Your instructions =
Once the line with "풍경 마우스 패드 대형" is found, repeat it and all later lines exactly through the end of the listing below, with the pictures left out.

Information provided =
Segment Open

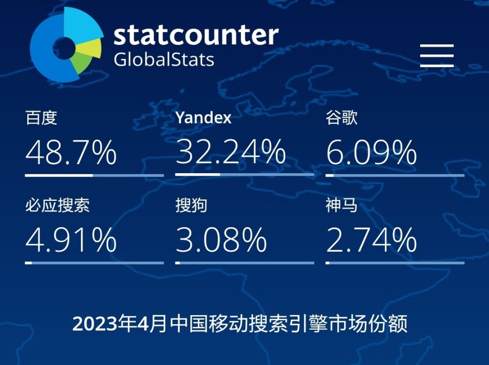 如果你觉得这一切还不够相信的话,国内移动端的统计数据更是让人瞠目结舌。百度占据48.7,而Yandex占据32.24。
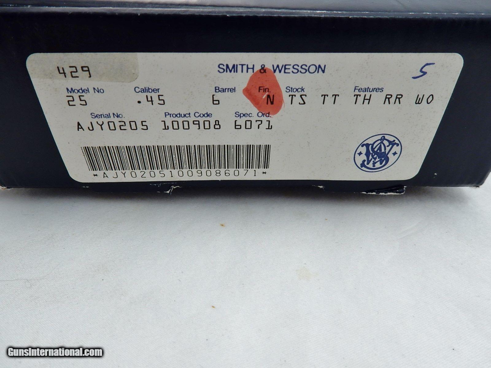 Description: This is a Smith Wesson 25-5 45LC with a 6 inch barrel. This gun is 99%+ in the box. Serial # is AJY02xx. Buyer pays 35.00 shipping. Thank you. 43-11-4 SOLD |
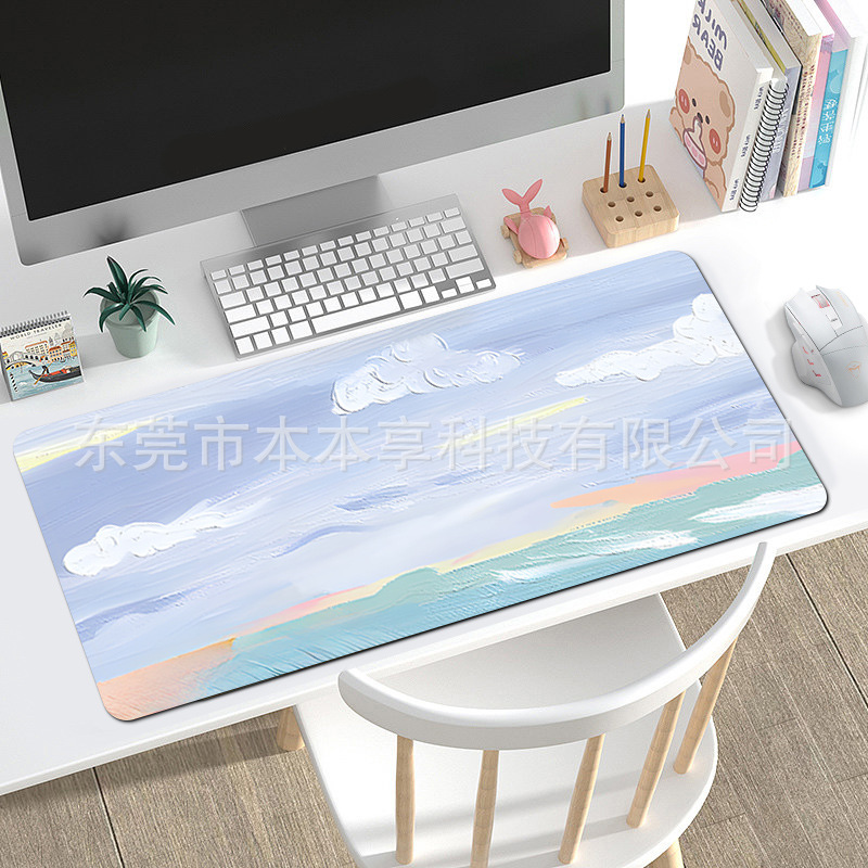풍경 마우스 패드 대형 맞춤형 간단한 Ins 스타일 귀여운 여성 사무실 책상 패드 미끄럼 방지 키보드 패드
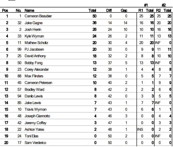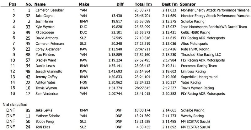 A 4 tours de la fin, Beaubier devançait son coéquipier Gagne de 10.7, puis Wyman, Herrin et Jacobsen de 19.1. Cameron Beaubier remportait finalement sa deuxième course du week-end, prenant un très net avantage au Championnat. Il précédait son coéquipier Jake Gagne, auteur d’un excellent début chez Yamaha, de 13.4, puis Josh Herrin, Kyle Wyman et PJ Jacobsen de 19.8.

Segment Closed

Output of the task =
풍경 마우스 패드 대형 맞춤형 간단한 Ins 스타일 귀여운 여성 사무실 책상 패드 미끄럼 방지 키보드 패드
 A 4 tours de la fin, Beaubier devançait son coéquipier Gagne de 10.7, puis Wyman, Herrin et Jacobsen de 19.1. Cameron Beaubier remportait finalement sa deuxième course du week-end, prenant un très net avantage au Championnat. Il précédait son coéquipier Jake Gagne, auteur d’un excellent début chez Yamaha, de 13.4, puis Josh Herrin, Kyle Wyman et PJ Jacobsen de 19.8.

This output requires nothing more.